Auch Jean Marc sind in 2019 saftige, extraktreiche und intensive Weine gelungen, die etwas natürlich Bodenständiges ausdrücken und zudem einen vielschichtigen, aromenstarken Charakter zeigen. Herrliche Burgunder mit den Tugenden, die wir im Burgund suchen, von einer Domaine, die zunehmend mehr Aufmerksamkeit und hohe Bewertungen von der Fachpresse erhält.

Der  Bourgogne blanc  zeigt diese typische würzig kühle, energiegeladene Aromatik von Zitrus, Quitten und grünen Äpfeln. Beim Auxey Duresses Les Hautés kommt eine vibrierende Mineralität dazu, die die fleischige

Frucht untermalt.
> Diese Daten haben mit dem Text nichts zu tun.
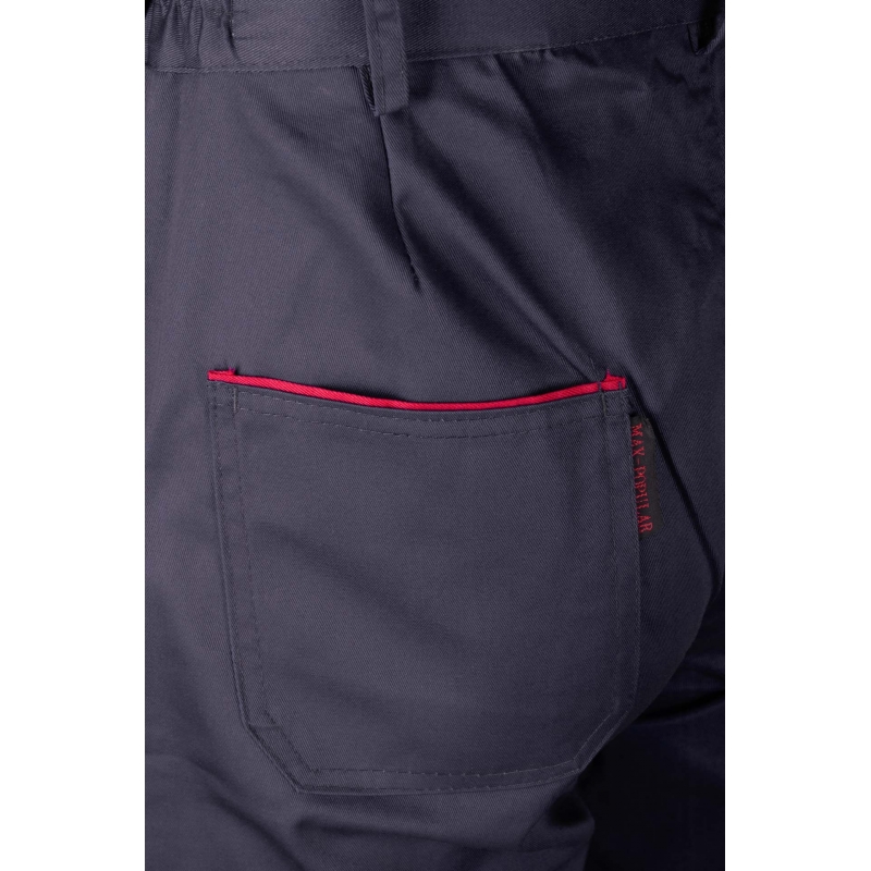Spodnie Max‑Popular wykonane są z wysokiej jakości materiału, który zachowuje stabilność rozmiarów i kolorów nawet po wielokrotnym praniu. Konstrukcja oparta na podwójnych szwach oraz mocnej nici zapewnia trwałość i odporność na uszkodzenia.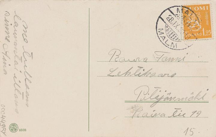 Illustrierte Postkarte; Grafik, polychrom; BR Nr. 4608 Rückseite: Mädchen mit Schreibmaschine und Blumen; beschrieben Vorderseite: beschrieben, adressiert; Briefmarke Finland 1.25; Poststempel Malm/28 IX 1933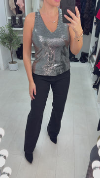 Shine bright at every event with the Ivanna Sequin V Neck Cami Top. Covered in dazzling sequins, this top catches the light beautifully, while the flattering V-neck adds a touch of elegance. Its sleek cami style ensures a comfortable yet stylish fit, making it the perfect choice for special occasions where you want to stand out effortlessly.

Der Puligny Corvées tendiert zunächst eher zu einem stoffigen Meursault. Erst im Abgang zeigen sich die Konturen und die feinen aromatischen Linien, die vielen Pulignys eigen sind. Der Gravité aus den ältesten   Rotweinparzellen des Weinguts strotzt mit Extrakt und fast überbordender Frucht. Von weichen, seidigen Tanninen gestützt, untermalen die mehr als 70jährigen Reben die Textur mit feiner Würze und Tiefgründigkeit.

Dies ist einer  der „hidden gems“ der Cote de Beaune und eine Entdeckung wert.